1843 became an important year for Jacob Goenner.  It was a time for a new challenge and some moments of tragedy.  In June of that year, a meeting was held to discuss the future of the Log Cabin College in Altenburg.  By this time, all three of the original professors of that institution had left Perry County to become pastors elsewhere.  That left Rev. Loeber of Altenburg and Rev. Keyl of Frohna as the ones who ended up teaching the classes.  With all the rest of the duties these men had, it became evident that they were unable to handle everything by themselves.  The group in St. Louis decided to call Jacob to be a professor at the Log Cabin College.  He became the first teacher there to receive a stipulated salary.

Jacob did not travel to Perry County immediately.  The Goenner family had a child who was about one year old, but she was very sick.  On August 26, 1843, that daughter died.  It must have been shortly after their child was buried that they traveled to their new home in Altenburg.  It is recorded that in September of that year Professor Goenner assumed his responsibilities at the College.  By that time, the school was being conducted in Altenburg, probably in Rev.

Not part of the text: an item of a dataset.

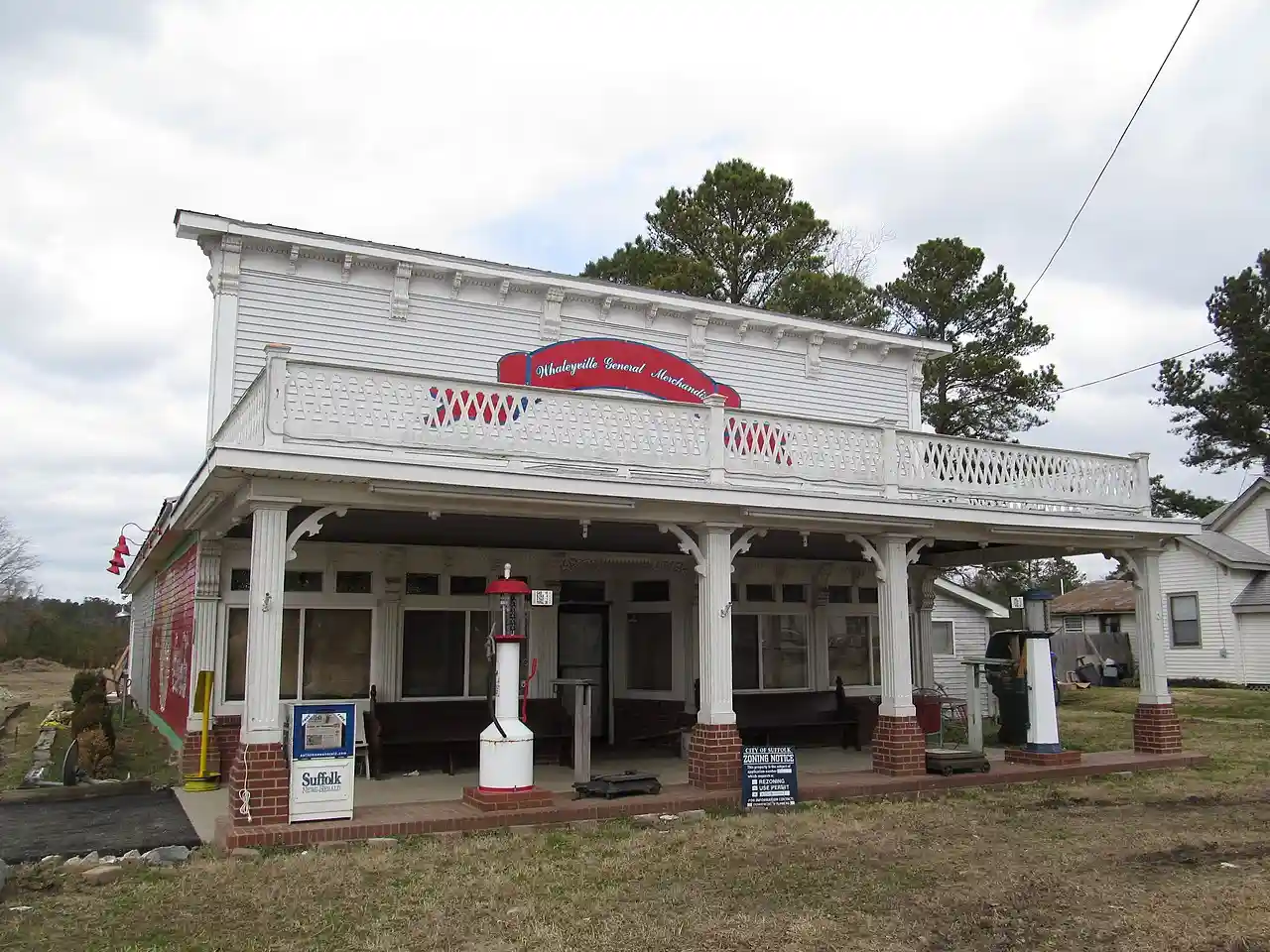Whaleyville Historic District is a national historic district located at Suffolk, Virginia. The district encompasses 103 contributing buildings in the African-American community of Whaleyville in Suffolk. The district includes eight residences, two churches, two school structures, a train depot, a lodge, an outbuilding, and five commercial structures. They are in a variety of vernacular and popular turn-of-the 20th century architectural styles including Queen Anne and Bungalow. Notable buildings include the St. Stephens Holiness Church, Mineral Spring Baptist Church, Odd Fellows Lodge, McAlister Masonic Lodge, Bank of Whaleyville, and the Whaleyville Store. and Accompanying photo and Accompanying map Read more on Wikipedia

Loeber’s parsonage for a while.

Jacob was not in Altenburg long before tragedy once again struck.  His wife, Rosine, died on October 14, 1843.  Now a brand new teacher at the College was attempting to take on that task in the midst of just losing his wife and child in just a matter of months.

We have a description of the subjects which were taught by Professor Goenner.  First we see what he taught to what was described as the “upper class”.

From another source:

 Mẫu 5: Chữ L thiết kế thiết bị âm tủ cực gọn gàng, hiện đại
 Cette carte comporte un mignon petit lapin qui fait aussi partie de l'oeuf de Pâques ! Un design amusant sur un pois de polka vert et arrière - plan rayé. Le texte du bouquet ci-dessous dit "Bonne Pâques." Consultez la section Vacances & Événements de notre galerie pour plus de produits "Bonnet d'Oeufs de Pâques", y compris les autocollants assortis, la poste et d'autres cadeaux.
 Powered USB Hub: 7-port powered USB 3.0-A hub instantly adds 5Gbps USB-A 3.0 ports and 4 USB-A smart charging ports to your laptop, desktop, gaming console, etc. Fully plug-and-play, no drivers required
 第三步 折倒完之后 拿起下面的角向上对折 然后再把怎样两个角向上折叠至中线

“Goenner gave instruction in theological training; Bible, in the original Greek and Hebrew; Xenophon, Plutarch, and Homer in Greek; Ceasar, Cicero, Virgil in Latin; and English.”

It is also said that he taught the “second class” Latin, Greek, and English.  The enrollment in 1843 was eight students…three in the upper class and five in the second class.

In 1845, another special event took place on Jacob’s birthday.  It was a Pentecost Sunday that year when Trinity Lutheran Church in Altenburg dedicated their first permanent church building and had their first worship service there.  We do not have a photo of that building at the time when it was used as a church, but this is about the earliest photo that includes this building.

trinity-church-grosse-schule

This photo shows the new church in the background which was dedicated in 1867.  After the new church was built, the 1845 church became a classroom for the school.  Here is another photo of that building when it was used as a school.

Trinity 1845 church

By the time of this dedication of the first church, Jacob had remarried.  He married a widow who had also lost her spouse not long before.  Her name was Justine (Noennig) Poppitz.  Justine had been married to a Knoll in Germany and they were divorced.  Upon arrival in Perry County, she married Johann Christlieb Poppitz in 1842.  But in 1843, he died.  This led to her marriage to Jacob Goenner on May 14, 1844.  So when the church was dedicated, this couple was three days short of celebrating their first anniversary.  Here is the record of the Goenner/Poppitz marriage from the Trinity records.

Goenner Poppitz marriage record

In 1849, the Seminary moved from Altenburg to St. Louis, and the Goenners moved there with it.  Jacob and Justine did not have any children of their own.  However a record in the Old Trinity Lutheran Church books says that in 1850, someone abandoned a baby that was about 8 months old on the terrace of the Lutheran College on the evening of September 1.  The Goenners took that baby  in and adopted her.  She was named Concordia Rosine Wilhelmine Goenner.

The Goenners had just that one girl, and if she had married, she would have taken on another name.  She also seems to have disappeared from any records we have.  So finding any kind of history of the Goenners is almost impossible.

Jacob died on June 25, 1864 in St. Louis.  After her husband died, Justine returned to Altenburg to live out the rest of her life.  She died August 18, 1879.

Although his name has vanished and you cannot find any Goenners around today, Jacob’s contributions to the early history of the Lutheran Church-Missouri Synod and Concordia Seminary were monumental and well worthy of us remembering.